# Sinking Dog Food



## Faithnfishin

Sorry guys new to this fun called mullet snatching and am hooked.
I may have missed it, but where can you buy the Rex or similar sinking dog foods? Pensacola/Milton areas or Defuniak/Freeport areas since I am in Crestview and likely will fish both Choctaw and Blackwater.

Thanks for any info....

Pat


----------



## Team Stuck'em

You can buy Rex Golden Nugget at the Grocery Outlet in Pace or the Tom Thumb in Chumuckla.


----------



## billyb

I buy FRM Canine Crunch or Cowboy Range Pellets from Ace in Crestview. They are cheaper than Rex.


----------



## SpanMack

I work at the Food Outlet in Milton you can get it here or you can get at the Pic N Sav on Stewart street .:thumbsup: SpanMack(eral killer)


----------



## FishWalton

*Rex*

Rex is available at the Black Creek Store on the way to the Black Creek Landing which is is off co hwy 3280. BJ's Tackle on 331 just before 3280 turnoff has Ruff & Tuff and a cheaper all around cattle pellet for about $14 a bag. 

I have used Ruff & Tuff, FRM Canine Crunch, Cowboys farm pellets, and Rex. I don't know that one is any better than another. The best is whatever you develop confidence in. But, if I had to settle on one it would probably be Ruff & Tuff. However, I do switch around. Just bought two bags of Rex.

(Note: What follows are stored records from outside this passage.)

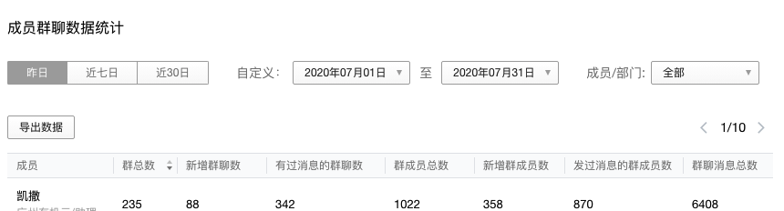 1.目前支持的群聊数据统计仅仅只是某个成员或者企业全部群的统计数据,不能查看到每一个群的明细数据。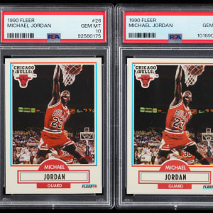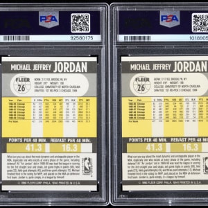 Each graded GEM MINT 10 by PSA. Double up on perfection with the offered pair of 1990-1991 Fleer Basketball #26 Michael Jordan singles. Chicago Bulls Hall of Famer.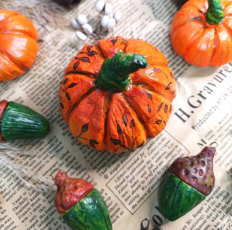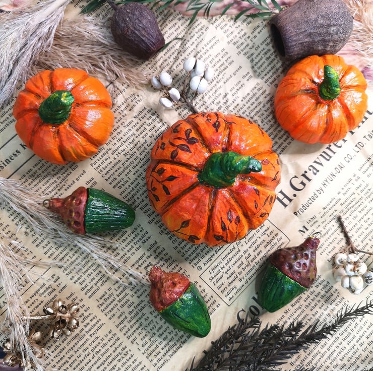 Air dried clay pumpkin, hand painted with acrylics and varnished to protect. To maintain the vibrancy of them, keep out of direct sunlight.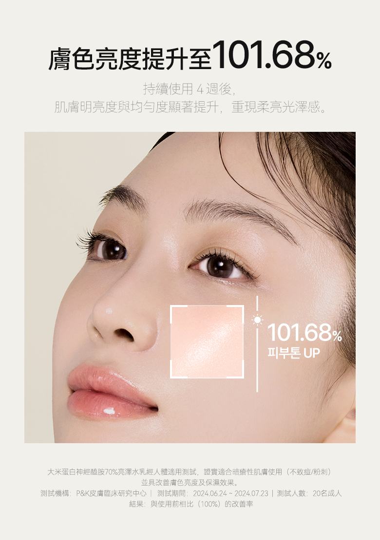 🌾 肌膚亮度提升101.7%,改善蠟黃、暗沉與肌疲倦感

FRM Canine Crunch and Cowboys available at ACE in DeFuniak. Don't know about Crestview


----------



## Faithnfishin

Thanks guys, look forward to seeing you on the water soon.


----------



## Desert Eagle

Also, check Manning's in Milton for Rex...


----------



## Fishhead1

In Crestview at the Flower Basket they sell Chum and Get It that works very good. They sell it large bags or they break it down to gallon zip lock bags.


----------



## tailfisher1979

Is this stuff good for anything besides mullet?


----------



## Fishhead1

I don't know, never used it for anything else.


----------



## FishWalton

*food*

Yes, dogs love it. :whistling:

I couln't resist this opportunity!


----------



## Faithnfishin

I had to laugh fishwalton that was good.... 
I picked my bag of Capt canine crunch from Ace Crestview, hope to try it out this weekend but ain't looking too promising.


----------



## lsufan4117

I use tops dog food. We don't use it for mullet snatching and never heard of it. We do use it to lure the big jumbo white shrimp when the come into the dead in bayous in la. And catch them with cast nets


----------



## BananaTom

lsufan4117 said:


> I use tops dog food. We don't use it for mullet snatching and never heard of it. We do use it to lure the big jumbo white shrimp when the come into the dead in bayous in la. And catch them with cast nets


*Thanks for the added information on this 9 year old thread*


----------



## lsufan4117

BananaTom said:


> Thanks for the added information on this 9 year old thread


I know right


----------



## ST1300rider

I was wondering why a thread was named *Stinking* dog food and had to come look.


----------